**Data in this exercise**:
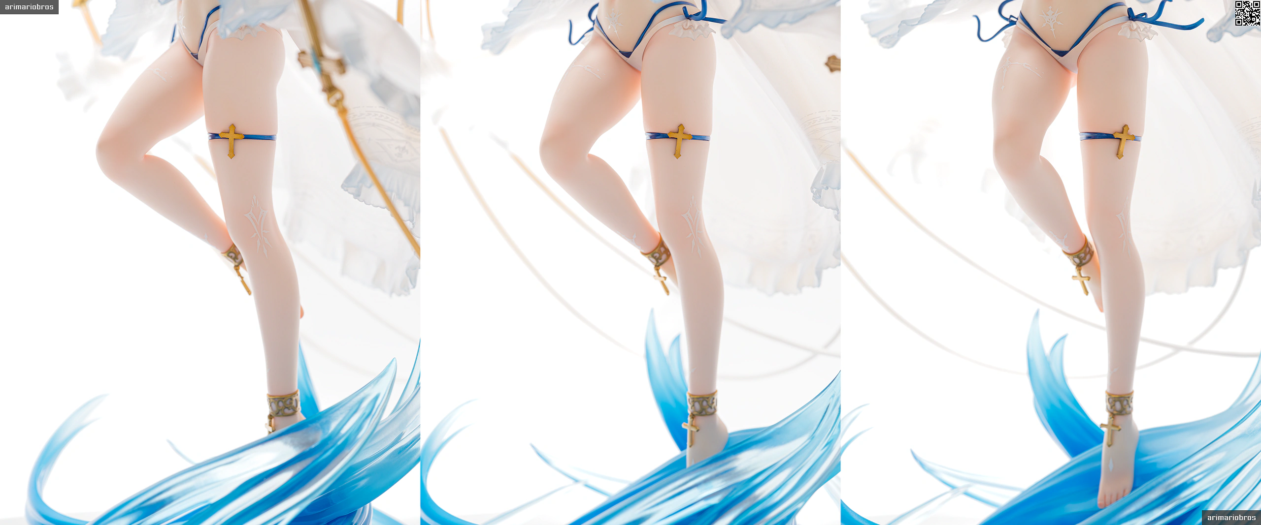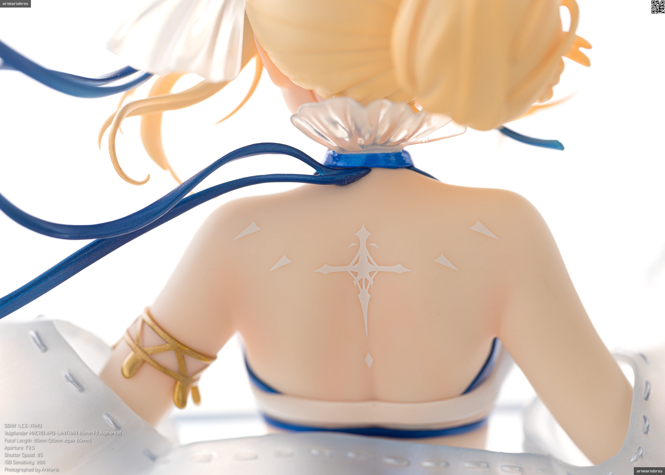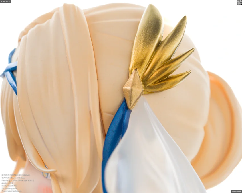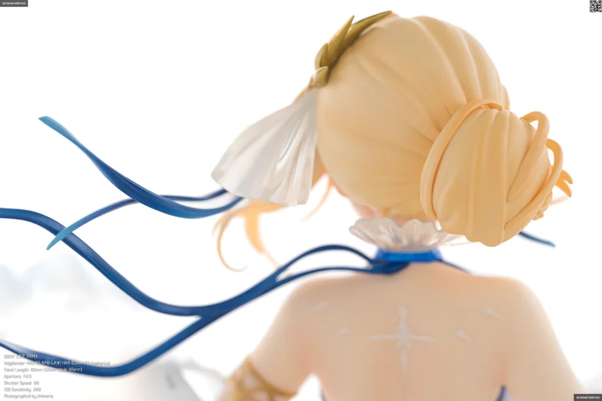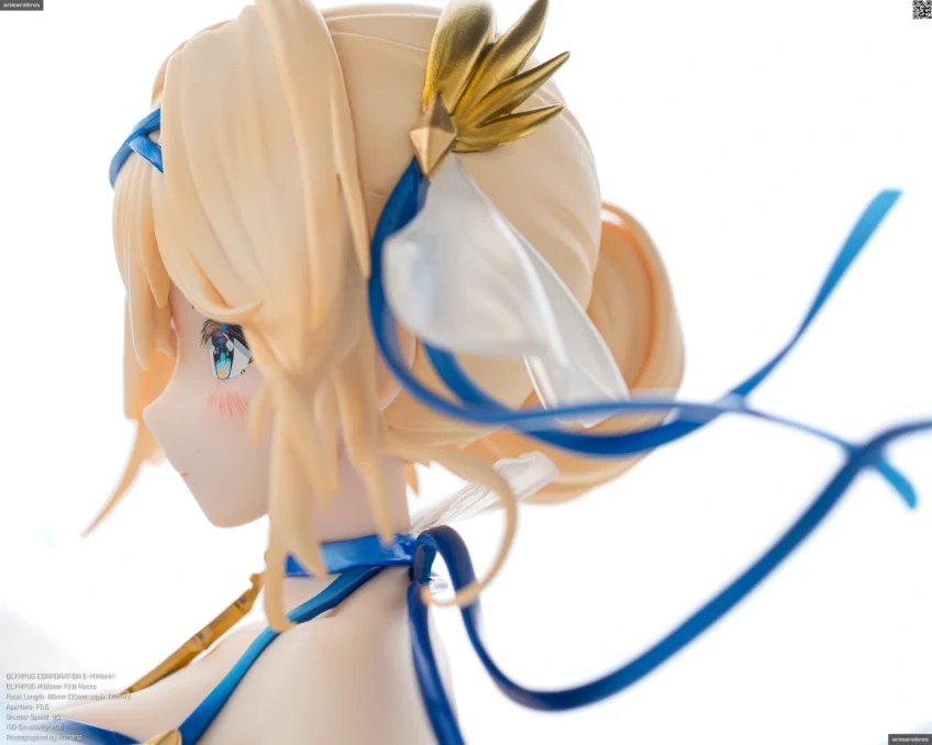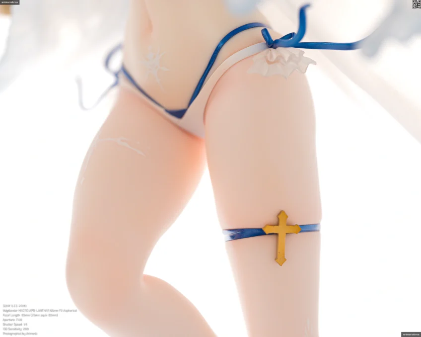 髪の毛まわりと同じく、青のリボンやゴールドのアクセサリーがアクセントとして添えられています。特に胸元の十字架モチーフのペンダントはグラデーション塗装が美しい。背中や胸、腹部にある模様は聖痕という設定だそうで、細かい模様ですがキレイな仕上がり。ペイントは手間だと思うのでデカールでしょう。
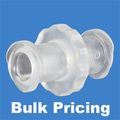 Adapter, for use with low pressure. Female luer lock to female luer lock. Polypropylene. ARE-Applied Research brand. Bulk Price.
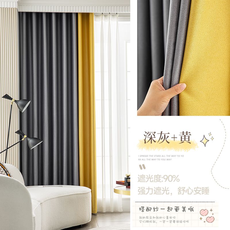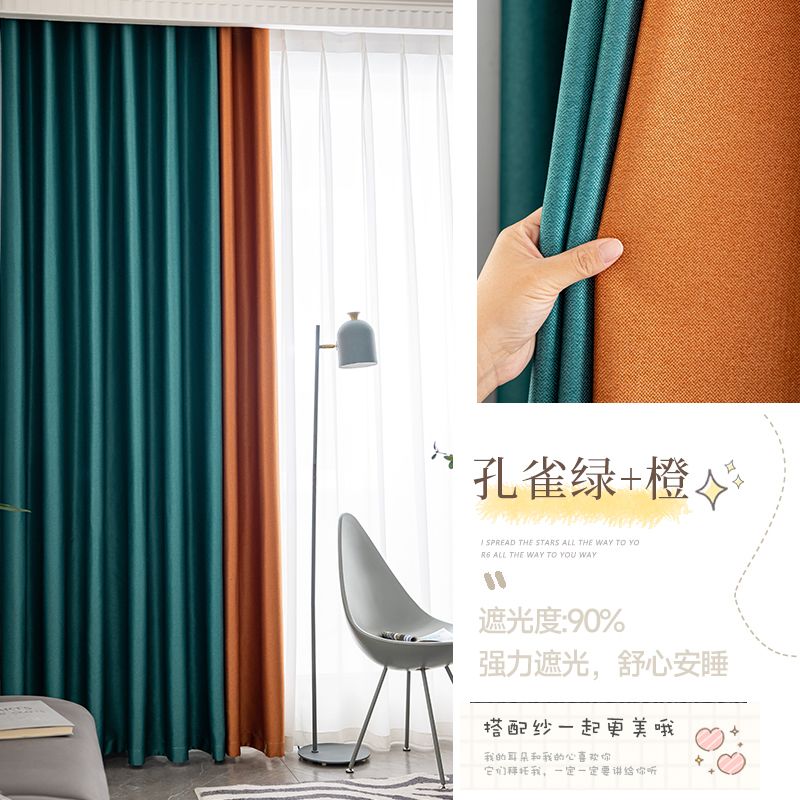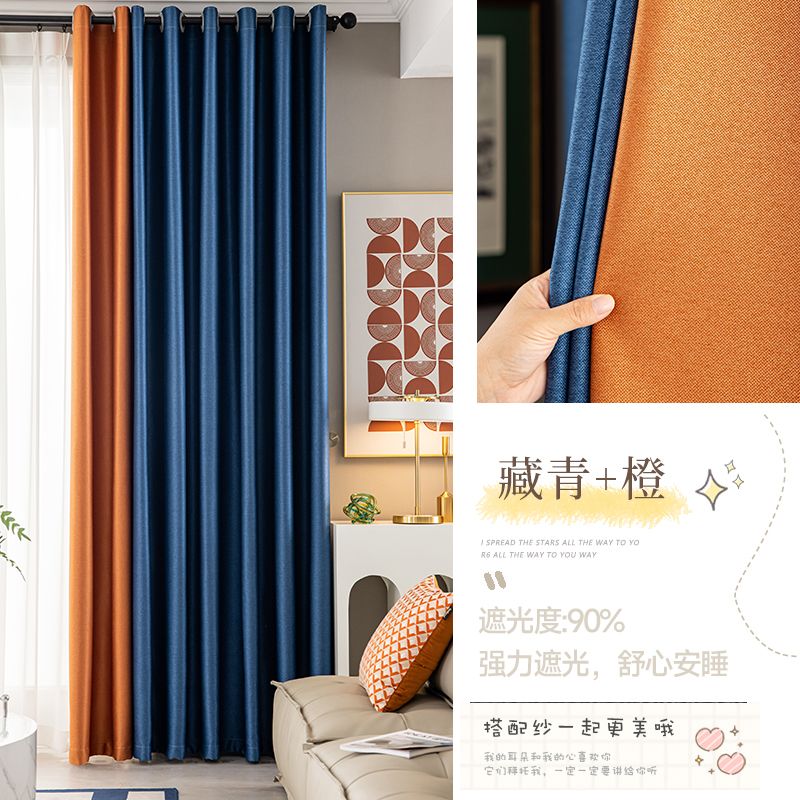 2024新款窗帘加厚阳台客厅卧室遮阳飘窗遮光隔热防晒简约拼色窗帘
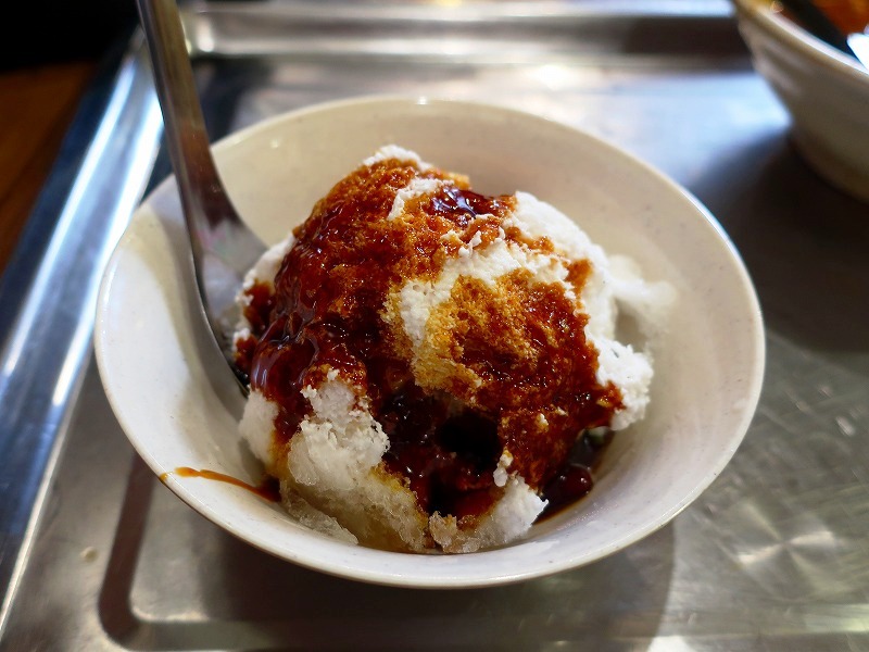 かき氷に黒蜜がかかっていて一見するとただの黒蜜かき氷
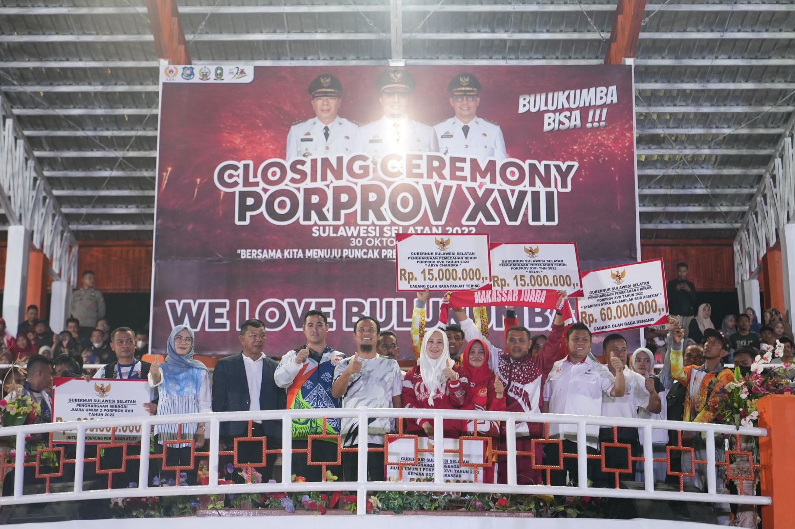 Ungkapan itu, terbukti perhatian Gubernur Sulsel, Andi Sudirman Sulaiman memberikan bonus uang pembinaan kepada atlet berprestasi. Untuk PORPROV tahun ini, Gubernur Andi Sudirman memberikan Rp 500 juta kepada juara umum 1, Kota Makassar; Rp 300 juta untuk juara umum 2, Kabupaten Pangkep; dan Rp 200 juta untuk juara umum 3, Kabupaten Sinjai.
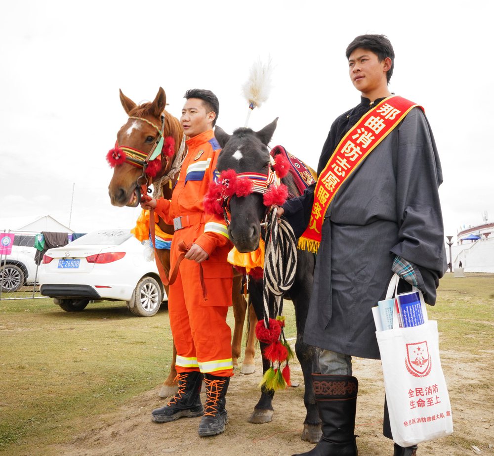 在西藏自治区那曲市广阔的赛马场上,一支特殊的“马背上的消防宣传”服务队近日成为亮丽风景。为保障赛马节期间消防安全,那曲市消防救援支队创新工作方法,联合马术协会工作人员与消防志愿者,骑马深入牧民帐篷营地及赛事区域,将消防安全知识送至每一位群众身边。
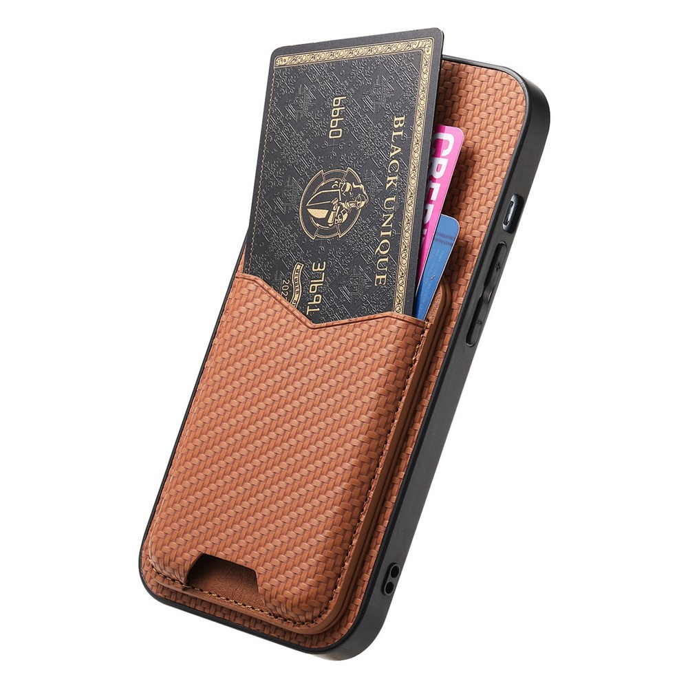 For iPhone 16e Case Card Holder Kickstand Carbon Fiber Texture Back Cover - Brown $15.90
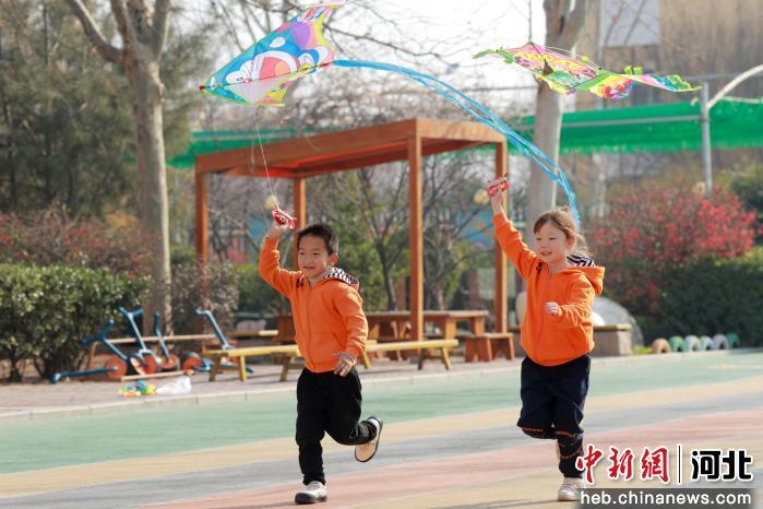 图为内丘县第三幼儿园的孩子们在放风筝。 刘继东 摄
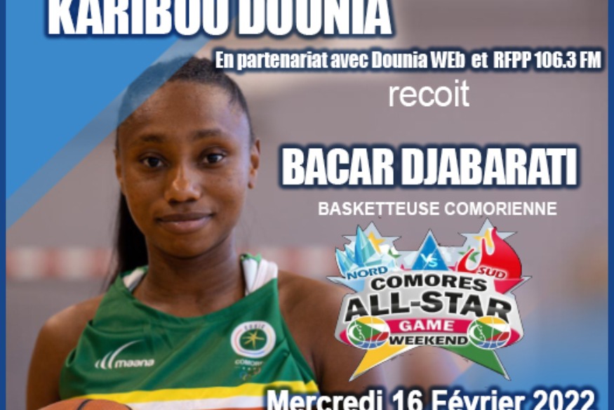 La joueuse de Basket : BACAR DJABARATI viendra nous parler de son parcours, le week end de Basket pour la promotion du basket comorien et comorienne et du match d'exhibition de baskets : Les meilleurs joueuses du sud face aux meilleurs joueuses du nord
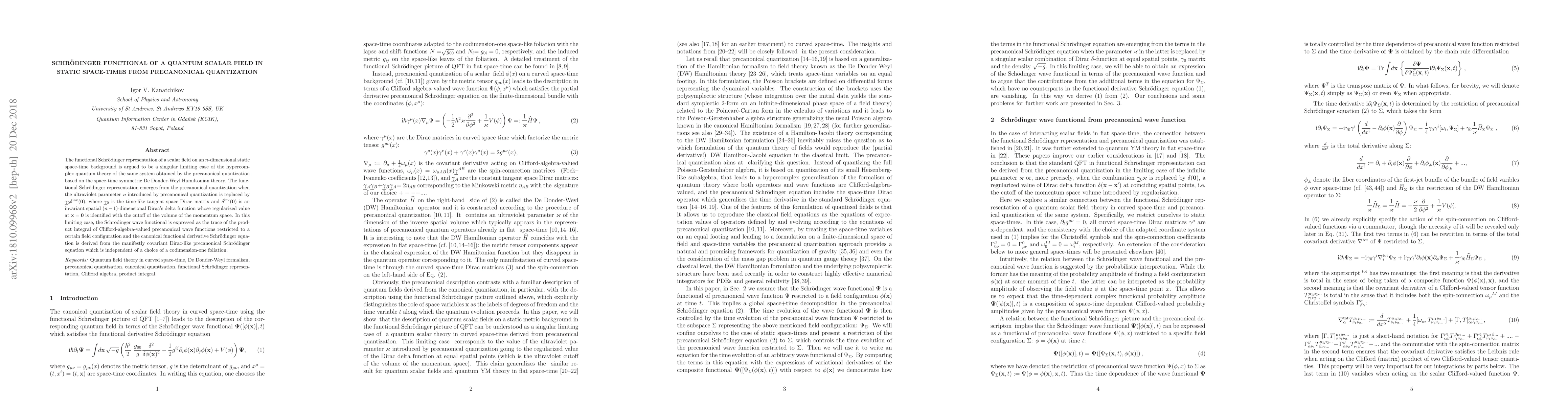 The functional Schr\"odinger representation of a scalar field on an $n$-dimensional static space-time background is argued to be a singular limiting case of the hypercomplex quantum theory of the same system obtained by the precanonical quantization based on the space-time symmetric De Donder-Weyl Hamiltonian theory. The functional Schr\"odinger representation emerges from the precanonical quantization when the ultraviolet parameter $\varkappa$ introduced by precanonical quantization is replaced by $\underline{\gamma}{}_0\delta^\mathrm{inv}(\mathbf{0})$, where $\underline{\gamma}{}_0$ is the time-like tangent space Dirac matrix and $\delta^\mathrm{inv}(\mathbf{0})$ is an invariant spatial $(n-1)$-dimensional Dirac's delta function whose regularized value at $\mathbf{x}=\mathbf{0}$ is identified with the cutoff of the volume of the momentum space. In this limiting case, the Schr\"odinger wave functional is expressed as the trace of the product integral of Clifford-algebra-valued precanonical wave functions restricted to a certain field configuration and the canonical functional derivative Schr\"odinger equation is derived from the manifestly covariant Dirac-like precanonical Schr\"odinger equation which is independent of a choice of a codimension-one foliation.
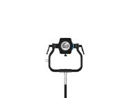Speziell geformter Montagebügel, zur Verlagerung des Schwerpunktes bei montiertem Scheinwerfer und für einen größeren Schwenkbereich nach unten bei Montage auf einem Stativ. Verriegelung beidseitig mit Klemmhebeln. Aluminium. Befestigung auf geeigneten Stativen und an Halterungen mit 16 mm (5/8“)-Normzapfen (Baby Pin) oder 28 mm-Normhülse (Junior Pin).
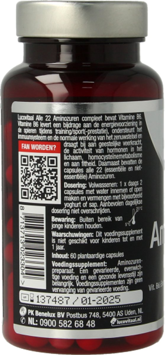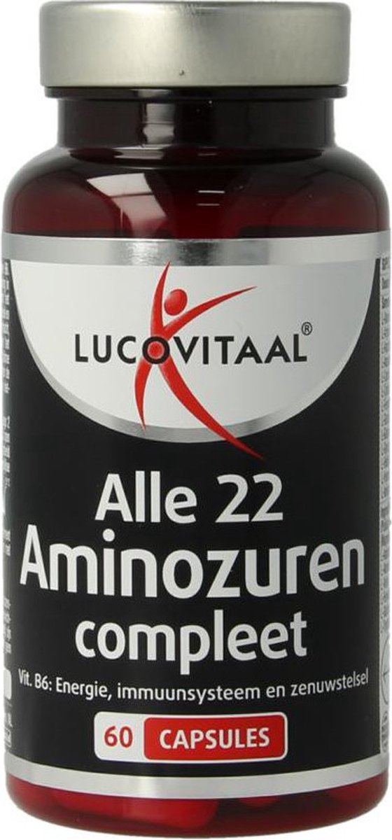 Lucovitaal Alle 22 Aminozuren compleet bevat Vitamine B6. Vitamine B6 levert een bijdrage aan de energievoorziening in de spieren tijdens training/sport(-prestatie), ondersteunt het immuunsysteem en de normale werking van het zenuwstelsel en draagt bij aan geestelijke veerkracht, de activiteit van hormonen in het lichaam, homocysteïnemetabolisme en aan fitheid. Daarnaast bevatten de capsules alle 22 (essentiële en niet-essentiële) Aminozuren. De plantaardige capsules zijn gemakkelijk slikbaar of open te maken en in te nemen met bijvoorbeeld yoghurt.
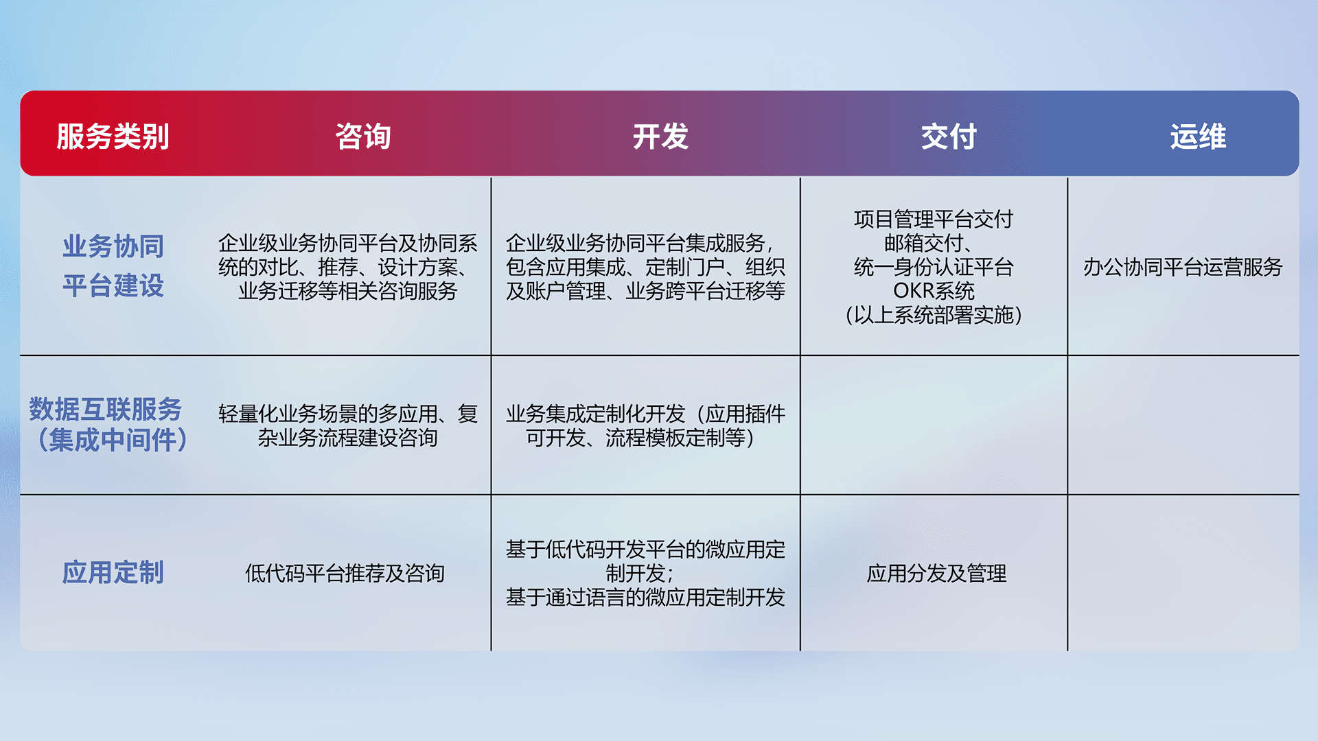针对钉钉、、、企微、、、IDaas等平台级产品提供产品的规划、、、、方案、、、、交付、、、、定制化开发等服务,,,实现如统一协同办公、、、、智能客户服务、、、混合会议管理、、智能数据查询、、、等业务场景,,实现数字化转型。。。

**Task description**:
Go through the entries above and output them exactly, without pictures.

**Finished exercise**:
 髪の毛まわりと同じく、青のリボンやゴールドのアクセサリーがアクセントとして添えられています。特に胸元の十字架モチーフのペンダントはグラデーション塗装が美しい。背中や胸、腹部にある模様は聖痕という設定だそうで、細かい模様ですがキレイな仕上がり。ペイントは手間だと思うのでデカールでしょう。
 Adapter, for use with low pressure. Female luer lock to female luer lock. Polypropylene. ARE-Applied Research brand. Bulk Price.
 2024新款窗帘加厚阳台客厅卧室遮阳飘窗遮光隔热防晒简约拼色窗帘
 かき氷に黒蜜がかかっていて一見するとただの黒蜜かき氷
 Ungkapan itu, terbukti perhatian Gubernur Sulsel, Andi Sudirman Sulaiman memberikan bonus uang pembinaan kepada atlet berprestasi. Untuk PORPROV tahun ini, Gubernur Andi Sudirman memberikan Rp 500 juta kepada juara umum 1, Kota Makassar; Rp 300 juta untuk juara umum 2, Kabupaten Pangkep; dan Rp 200 juta untuk juara umum 3, Kabupaten Sinjai.
 在西藏自治区那曲市广阔的赛马场上,一支特殊的“马背上的消防宣传”服务队近日成为亮丽风景。为保障赛马节期间消防安全,那曲市消防救援支队创新工作方法,联合马术协会工作人员与消防志愿者,骑马深入牧民帐篷营地及赛事区域,将消防安全知识送至每一位群众身边。
 For iPhone 16e Case Card Holder Kickstand Carbon Fiber Texture Back Cover - Brown $15.90
 图为内丘县第三幼儿园的孩子们在放风筝。 刘继东 摄
 La joueuse de Basket : BACAR DJABARATI viendra nous parler de son parcours, le week end de Basket pour la promotion du basket comorien et comorienne et du match d'exhibition de baskets : Les meilleurs joueuses du sud face aux meilleurs joueuses du nord
 The functional Schr\"odinger representation of a scalar field on an $n$-dimensional static space-time background is argued to be a singular limiting case of the hypercomplex quantum theory of the same system obtained by the precanonical quantization based on the space-time symmetric De Donder-Weyl Hamiltonian theory. The functional Schr\"odinger representation emerges from the precanonical quantization when the ultraviolet parameter $\varkappa$ introduced by precanonical quantization is replaced by $\underline{\gamma}{}_0\delta^\mathrm{inv}(\mathbf{0})$, where $\underline{\gamma}{}_0$ is the time-like tangent space Dirac matrix and $\delta^\mathrm{inv}(\mathbf{0})$ is an invariant spatial $(n-1)$-dimensional Dirac's delta function whose regularized value at $\mathbf{x}=\mathbf{0}$ is identified with the cutoff of the volume of the momentum space. In this limiting case, the Schr\"odinger wave functional is expressed as the trace of the product integral of Clifford-algebra-valued precanonical wave functions restricted to a certain field configuration and the canonical functional derivative Schr\"odinger equation is derived from the manifestly covariant Dirac-like precanonical Schr\"odinger equation which is independent of a choice of a codimension-one foliation.
Speziell geformter Montagebügel, zur Verlagerung des Schwerpunktes bei montiertem Scheinwerfer und für einen größeren Schwenkbereich nach unten bei Montage auf einem Stativ. Verriegelung beidseitig mit Klemmhebeln. Aluminium. Befestigung auf geeigneten Stativen und an Halterungen mit 16 mm (5/8“)-Normzapfen (Baby Pin) oder 28 mm-Normhülse (Junior Pin).
 Lucovitaal Alle 22 Aminozuren compleet bevat Vitamine B6. Vitamine B6 levert een bijdrage aan de energievoorziening in de spieren tijdens training/sport(-prestatie), ondersteunt het immuunsysteem en de normale werking van het zenuwstelsel en draagt bij aan geestelijke veerkracht, de activiteit van hormonen in het lichaam, homocysteïnemetabolisme en aan fitheid. Daarnaast bevatten de capsules alle 22 (essentiële en niet-essentiële) Aminozuren. De plantaardige capsules zijn gemakkelijk slikbaar of open te maken en in te nemen met bijvoorbeeld yoghurt.
针对钉钉、、、企微、、、IDaas等平台级产品提供产品的规划、、、、方案、、、、交付、、、、定制化开发等服务,,,实现如统一协同办公、、、、智能客户服务、、、混合会议管理、、智能数据查询、、、等业务场景,,实现数字化转型。。。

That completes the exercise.